The Spark configuration items

Optimization items of Spark-1.1.0

Sort-based Shuffle

In the Shuffle provided by Spark1.0.0, if there are C cores, M Mapper, and R Reducer, each Mapper will generate R files, a total of M * R files. It is better to Shuffle Files Consolidate, which produces a total of min(C, M) * R Files. Now, assuming that the number of R is large (e.g., 10,000), each Mapper will write input to 10,000 files, which will lead to high DISK I/O, and the data compression and serialization process in the process of writing will also occupy a lot of memory.

Sort-based shuffle enables the output of each Mapper to be written to only one file. The records in this file are sorted, so the Reducer can read according to the start and end range of records. For this reason, sort-based shuffle creates an index file to record the start and end ranges of each partition when writing files.

The Spark configuration items

TorrentBroadcast

Prior to Spark-1.1.0, the broadcast variable factory used HttpBroadcastFactory, where all executors get broadcast variable values from the Driver. Spark-1.1.0 incorporates TorrentBroadcastFactory and sets it as the default, a broadcast variable that works in a similar mode to BitTorrent downloads. The Driver stores variables in data blocks. Executor extracts values based on data blocks and merges them. However, the locations of values are randomly extracted from executors that have data blocks.

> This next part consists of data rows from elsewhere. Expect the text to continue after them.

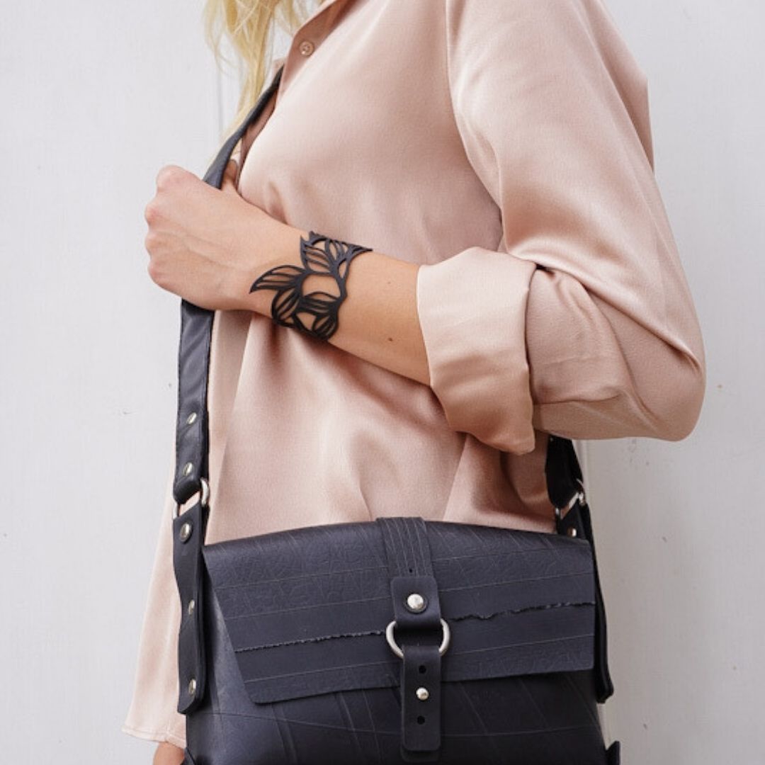 The bracelet has been handcrafted using reclaimed rubber in a way which is both eco-friendly and cruelty-free. Reclaimed inner tubes are a popular leather substitute, due to their similar textures and unique patterns.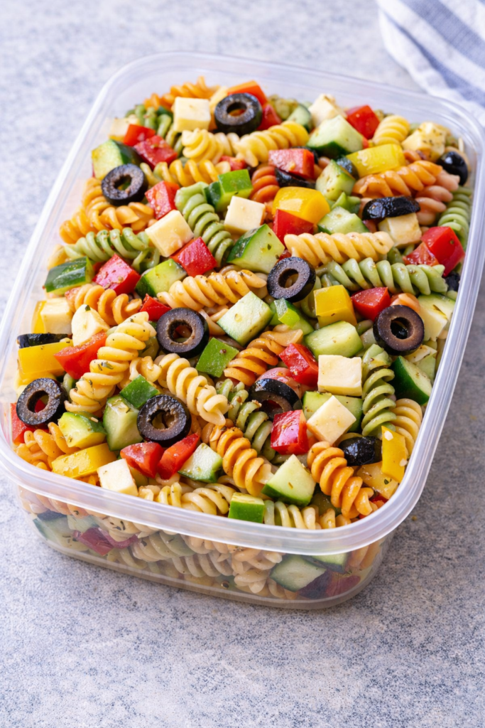 For the sauce, a simple Italian dressing works perfectly. You can also add some cubes of cheese or ham for extra protein. This meal stays fresh in the fridge for about four days. It is colorful and makes you feel good after eating it.
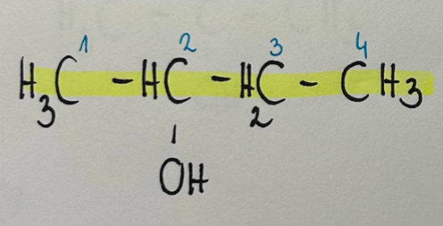 1. Wyodrębniamy najdłuższy możliwy węglowy łańcuch główny, zawierający w strukturze atom węgla połączony bezpośrednio z grupą funkcyjną -OH.
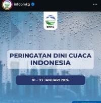 JAKARTA, 1 Januari 2026 – Badan Meteorologi, Klimatologi, dan Geofisika (BMKG) telah mengeluarkan pembaruan Peringatan Dini Cuaca untuk periode 1 hingga 3 Januari 2026. Peringatan ini menyoroti potensi terjadinya hujan lebat hingga sangat lebat yang dapat memicu bencana hidrometeorologi seperti banjir dan tanah longsor.

Parameters of the item The default value Parameter interpretation
spark.broadcast.factory org.apache.spark.broadcast.TorrentBroadcastFactory How to implement a broadcast variable

The Spark configuration items

Optimization of Task serialization

Spark-1.1.0 has a subtle optimization in task submission that divides tasks into public parts (RDD, dependencies, partition handlers) and non-public parts (StageId, partition ID, priority position). The public part of the task is serialized and transmitted to Executor as a broadcast variable, while the non-public part is serialized and transmitted separately. This avoids multiple transfers of the common parts on the same Executor. See dagScheduler.submitmissingTasks ().

Thank you

Thanks for the optimization suggestions provided by the Data mining and computing team of Taobao Technology Department. Thanks to the ODPS team for their optimization suggestions.